Import packages.
library("ggplot2")
library("reshape2")
Suppose we have a coin landing heads-up with the probabilty \(\theta\). We flipped it 10 times and got 8 heads and 2 tails. We’d like to have a function to find the value of \(\hat{\theta}\) that is most likely to give us the data \(D=\){8 heads out of 10 flips}. That is, we wanna create a likelihood function of \(\theta\) given \(D\). The likelihoodn funcion can be writte as \[L(\theta | D) = \mathrm{Pr}(D | \theta).\] The right-hand of the equation is the PMF of the binomial distribution with \(n = 10\) trials and the prbablity of success \(\theta\). Thus, \[L(\theta |D) = \binom{10}{8} \theta^8 (1-\theta)^{10-2} = 45\theta^8 (1-\theta)^2.\] This is a function showing how likely each value of \(\theta\) is as probability that generates the data \(D\).

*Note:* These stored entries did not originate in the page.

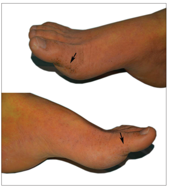
Figure 2: Multiple, green to black pin point macules on the soles

along the dermatoglyphic ridges. Patient denied any recent use of topical or oral medications. He also denied any contact with greenish dyes or substances. Histopathological examination of the lesional skin biopsy indicated hyperkeratosis, parakeratosis and deposition of a pink amorphous substance within the stratum corneum [Figures 3 and 4]. The gram stain, potassium hydroxide examination and hall stain (if positive indicates a yellow hue) were negative. Tissue cultures for bacteria and fungus were also negative. Liver function test indicated elevated levels of total serum bilirubin (20.1 mg/dl). Patient underwent an elective pylorus
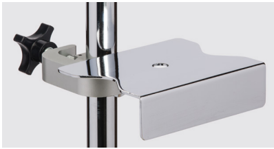
IV-46 Pump Tray Support
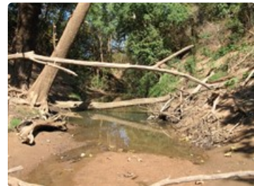
Bamboo Creek, near its junction with the Daly River.
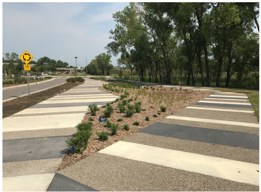
North Rain Garden Plantings Installed – North View
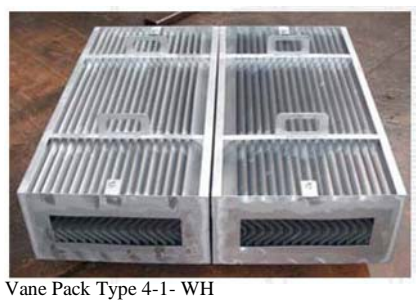
Face Area 1800mm x 2000mm MOC304L

With smooth profile blades typical removal efficiency is 100% removal of droplets 17µm and greater in diameter. Using blades with hooks the normal removal efficiency is 100% of droplets 10land greater in diameter.
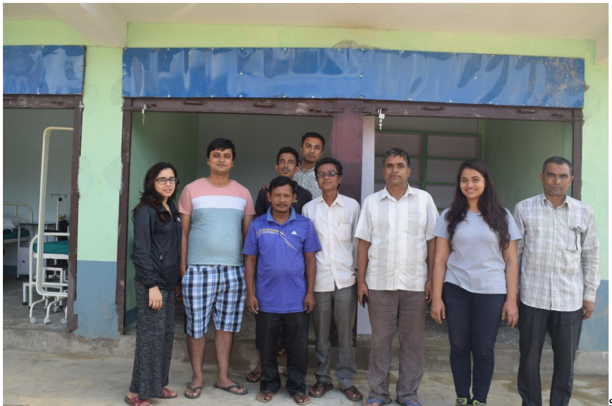
Photo: Construction committee members of Theo Health Clinic

The committee members are selected from various small villages of Sangachok.
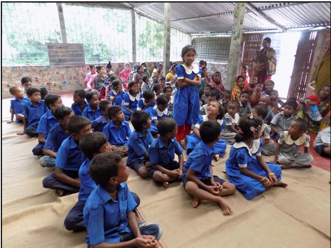
Monthly Parents Meeting at Jogahati Village...
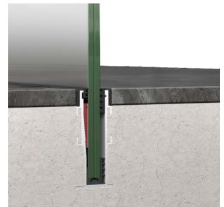
M8210 in-floor, with 8+8mm and 10+10mm glass

Let’s define this funciton in R.
lik_1 <- function(theta) {
## Argument: the probability of getting head by a coin flip
## Return: likelihood of theta given that we got 8 heads out of 10 flips
L <- 45 * theta^8 * (1 - theta)^2
return(L)
}
This funciton allows us to calculate the likelihood of a spccific value of \(\theta\) given the observe data. For instance, the likelihoods for \(\theta=0, 0.2, 0.7, 1\) are
lik_1(0); lik_1(.2); lik_1(.7); lik_1(1)
## [1] 0
## [1] 7.3728e-05
## [1] 0.2334744
## [1] 0
To understand the likelihood function better, let’s draw a graph of the function. Because \(\theta\) is probability, \(\theta \in [0,1]\).
curve(lik_1, from = 0, to = 1, lwd = 2, col = "firebrick",
xlab = expression(theta), ylab = expression(L(theta)),
main = expression(paste("Likelihood function of ", theta)))
If you’d like a little prettier one by ggplot2:
v_theta <- seq(0, 1, length = 1000)
lik_theta <- lik_1(v_theta)
df <- data.frame(theta = v_theta,
likelihood = lik_theta)
p_lik <- ggplot(df, aes(theta, likelihood)) +
geom_line(color = "tomato") +
scale_x_continuous(breaks = seq(0, 1, by = .2)) +
labs(x = expression(theta), y = expression(L(theta)),
title = expression(paste("Likelihood function of ", theta)))
print(p_lik)
Suppose we have a coin landing heads-up with the probabilty \(\theta\). We flipped it 10 times and obtained the result \[D = \{D_1, D_2, \dots, D_{10}\} = \{H, H, T, H, H, H, H, H, H, T \}.\] With \(H = 1\) and \(T = 0\), \[D = \{1,1,0,1,1,1,1,1,1,0\}.\] Assuming that Bernoulli trials are identically and independently distributed (iid), the likelihood function of \(\theta\) for the observed data \(D\) is \[L(\theta | D) = \mathrm{Pr}(D | \theta) = \prod_{i=1}^{10} Pr(D_i | \theta) = \prod_{i=1}^{10} L_i(\theta | D_i).\]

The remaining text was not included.